• TASK OBJECTIVE: Among the entries that follow, locate the line with "организационный и т. д." and the line with "- The results". Output those lines and all lines in between, exactly, minus the pictures.

• EXTRACTED RECORDS:

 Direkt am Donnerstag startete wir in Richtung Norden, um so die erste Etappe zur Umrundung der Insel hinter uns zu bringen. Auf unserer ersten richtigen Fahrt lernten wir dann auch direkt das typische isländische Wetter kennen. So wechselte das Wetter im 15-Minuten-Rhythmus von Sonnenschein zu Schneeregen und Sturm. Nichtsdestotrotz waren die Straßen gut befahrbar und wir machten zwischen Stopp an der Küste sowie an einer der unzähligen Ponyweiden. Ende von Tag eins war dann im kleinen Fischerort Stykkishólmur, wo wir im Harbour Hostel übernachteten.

---

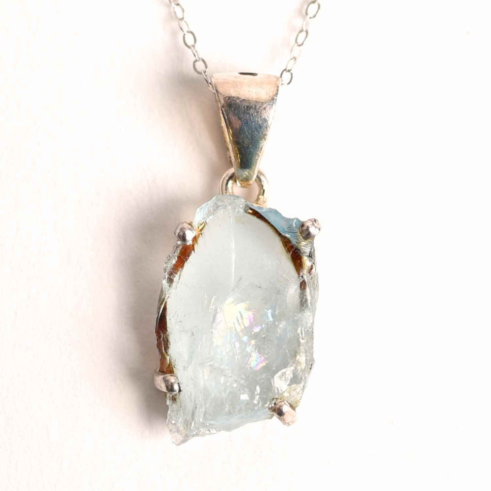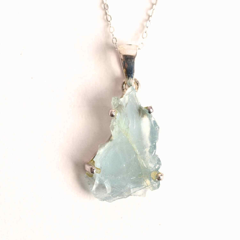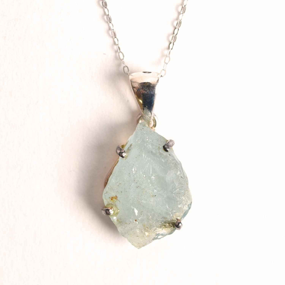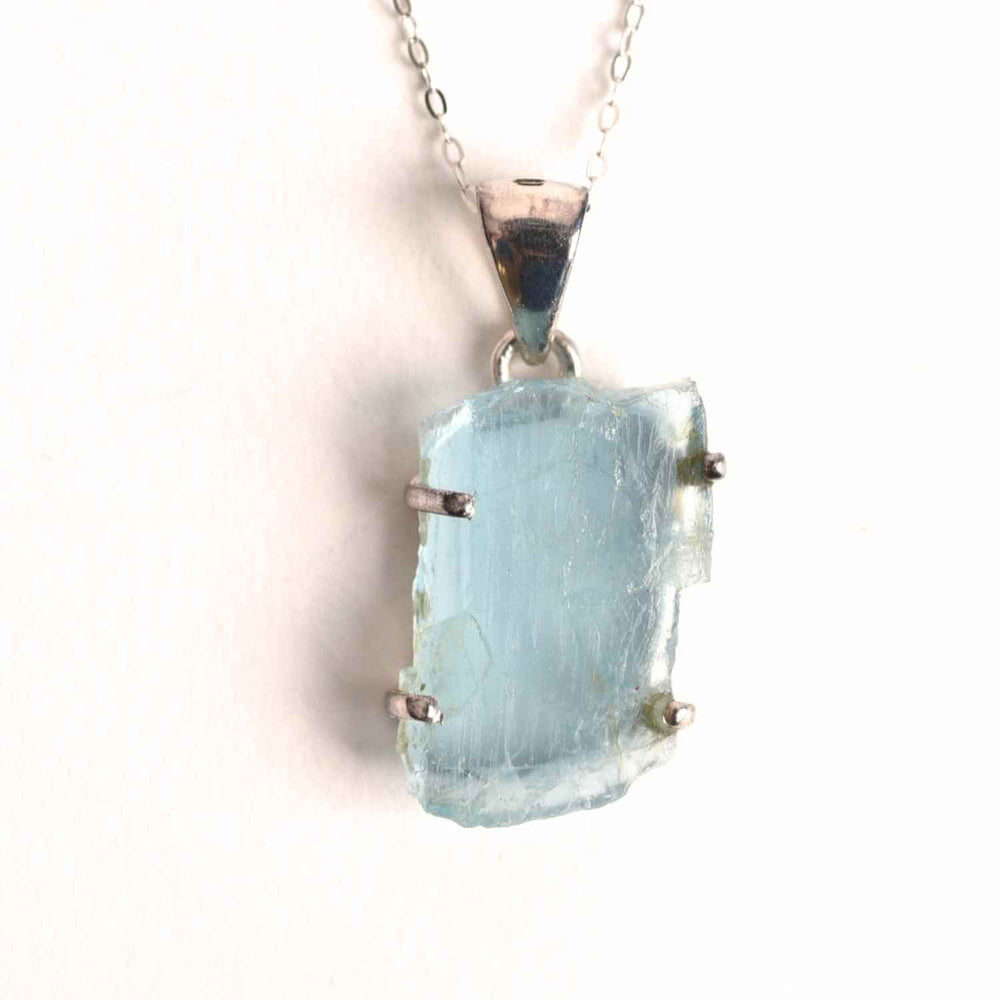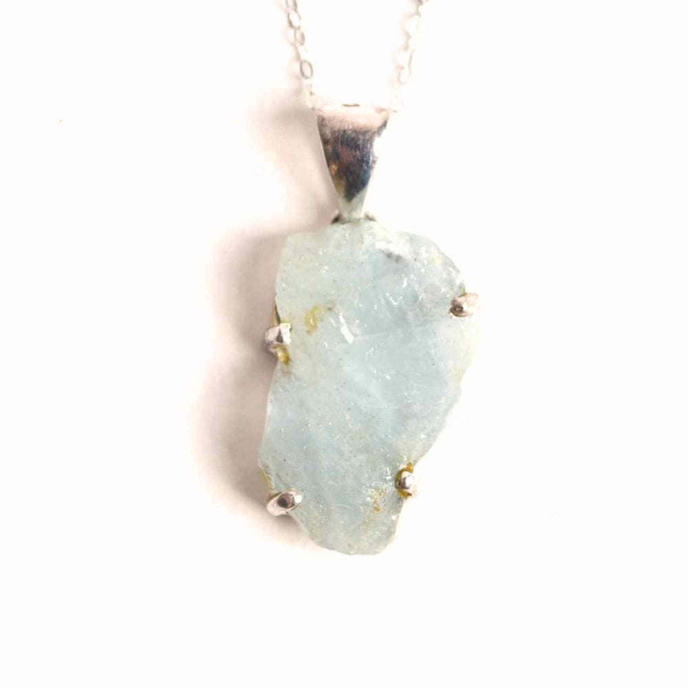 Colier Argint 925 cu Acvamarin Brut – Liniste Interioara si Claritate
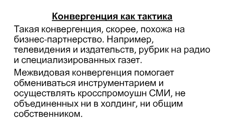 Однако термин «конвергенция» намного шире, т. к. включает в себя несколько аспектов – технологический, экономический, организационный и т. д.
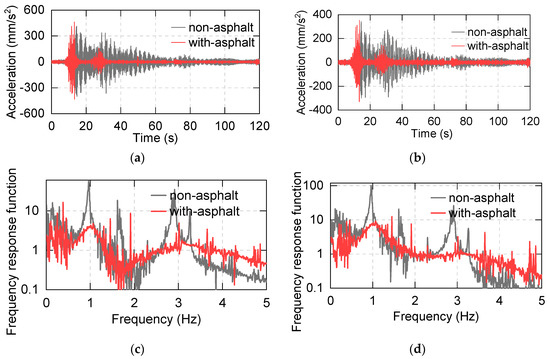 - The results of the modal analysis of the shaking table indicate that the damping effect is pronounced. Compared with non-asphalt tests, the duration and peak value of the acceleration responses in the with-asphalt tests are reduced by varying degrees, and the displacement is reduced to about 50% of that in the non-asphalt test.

...

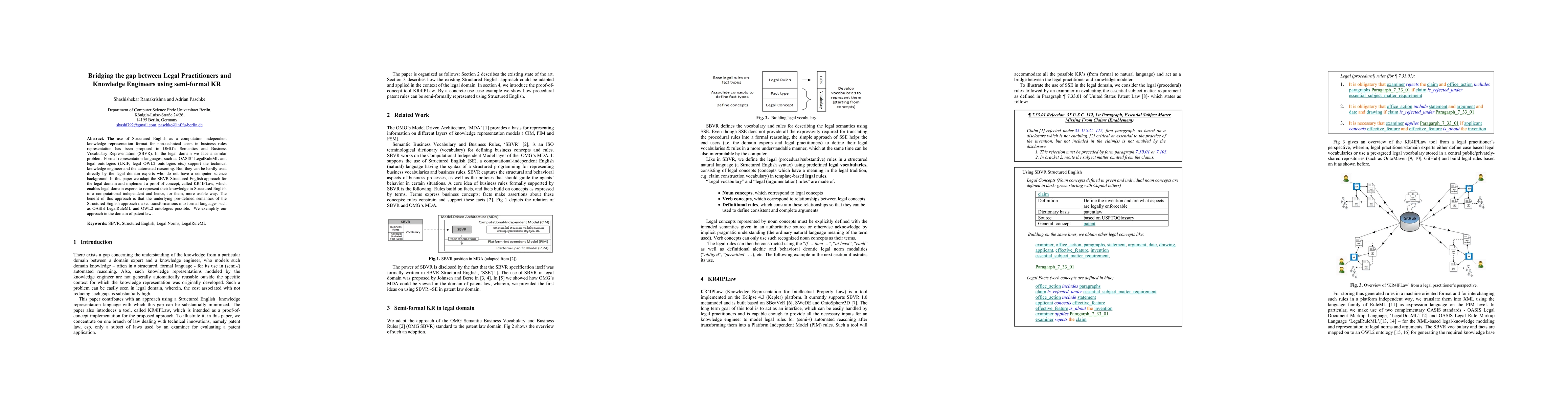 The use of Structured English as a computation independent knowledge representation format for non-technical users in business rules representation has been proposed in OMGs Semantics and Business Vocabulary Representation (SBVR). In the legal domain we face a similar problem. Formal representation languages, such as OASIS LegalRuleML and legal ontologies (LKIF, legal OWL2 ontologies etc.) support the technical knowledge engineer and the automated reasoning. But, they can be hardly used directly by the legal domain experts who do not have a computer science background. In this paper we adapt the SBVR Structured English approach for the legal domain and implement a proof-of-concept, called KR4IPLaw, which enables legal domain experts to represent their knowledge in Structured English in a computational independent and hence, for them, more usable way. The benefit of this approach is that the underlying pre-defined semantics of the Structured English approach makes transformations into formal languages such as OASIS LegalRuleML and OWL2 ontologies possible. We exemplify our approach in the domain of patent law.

• REPLY:
 Однако термин «конвергенция» намного шире, т. к. включает в себя несколько аспектов – технологический, экономический, организационный и т. д.
 - The results of the modal analysis of the shaking table indicate that the damping effect is pronounced. Compared with non-asphalt tests, the duration and peak value of the acceleration responses in the with-asphalt tests are reduced by varying degrees, and the displacement is reduced to about 50% of that in the non-asphalt test.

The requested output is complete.